Existential Geometry: Don’t Be An Asymptote

Everything is made up of lines. As humans we spend our days drawing lines, crossing lines, walking lines, or signing on dotted lines. We drive inside of lines, we stand in lines, we argue over property lines, and lines of code make up how you see this blog entry. Lines are important. Lines give our world meaning it would not have without them. We live our lives in relationship to lines.

Today I was teaching geometry, which at first seems harmless enough, but when people wrote the book on analytic geometry something tells me what goes on in my brain isn’t exactly what they had in mind. Today when explaining parallel lines to a student it occurred to me how sad parallel lines would be if they had human characteristics. We know that parallel lines are always the same distance apart. They will never touch. They never get any closer than they were the day before. They point in the same direction. The old joke goes, “Parallel lines have so much in common! It is a shame they will never meet!”

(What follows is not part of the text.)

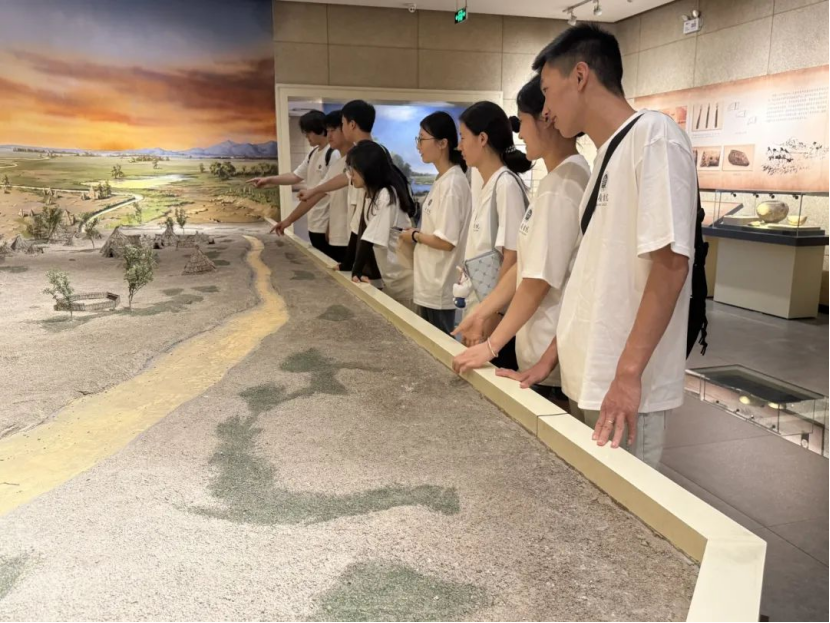午后,实践队转赴城子崖博物馆。队员们沿展线依次驻足,在文物与文字的交织中领会龙山先民“择高而居、依河而生”的聚落智慧,近距离品鉴蛋壳黑陶的极致工艺。随着展柜中龙山文化典型器物的逐层呈现,队员们直观感知到黄河泛滥与先民聚落迁徙的历史关联,在“一器一时代”的沉浸体验中,读懂了黄河下游史前文明绵延不绝的生命脉搏。

The better existential question is do the parallel lines know each other exists? Do they whisper across the plane? Do they know just how congruent they are? They are always moving in the same direction, but will never share a common point. How many people do we pass in the halls at work or on the road in our cars and we might all be driving toward a common location, but we will never meet? We might be listening to the same radio station, eating the same breakfast, or drinking the same brand of coffee, all while never knowing this, and will never come to a point in our lives where we do know this. I think of this kind of line cinematically as The Lake House. In order for those two lines to meet, they had to move to an entirely different plane. I’m glad they did too, because what a frustrating plot otherwise!

There are also lines that intersect. You can have intersecting lines, and some of those intersecting lines happen to be perpendicular. I know I have met a lot of people that I have come into contact with at some point in my life, and I have no idea where they are right now. The geometrical reason for this is we weren’t perpendicular lines. Perpendicular lines are interesting, because they aren’t as tragic. Two lines are perpendicular when they are right angles to each other. Perpendicular lines meet. They meet at one spot. We know that when they meet at this one point, they form a right angle. There is hope there, right? They meet! And when they do, they form not just an angle, but a right angle. Intersecting lines are the Casablanca of the movie world, while perpendicular lines are more When Harry Met Sally. You do have to realize though that even Harry and Sally knew when the time was right to be perpendicular. For a while we were all on the edge of our seats.

There is but one winner for the saddest existence when it comes to lines. It goes to the asymptote. Asymptote derives from Greek meaning “not falling together.” These lines come as close as you can get and never intersect. They appear as though they might intersect, and as soon as they have you persuaded they are going to intersect, they run parallel all the way to infinity. I think of this kind of line as the movie Lost In Translation. I’ve also never forgiven the movie writers for that ending, but I digress.

Archimedes said, “The shortest distance between two points is a straight line,” but once you grow up you realize it is a lot more complicated than that. You see that rarely are lines straight, rarely are they what you imagine them to be, and you tend to want to color outside the lines just a bit. You also realize that the best of friends know how to read between your lines, and most importantly the most critical line is your smile. As long as you still have that, you have everything.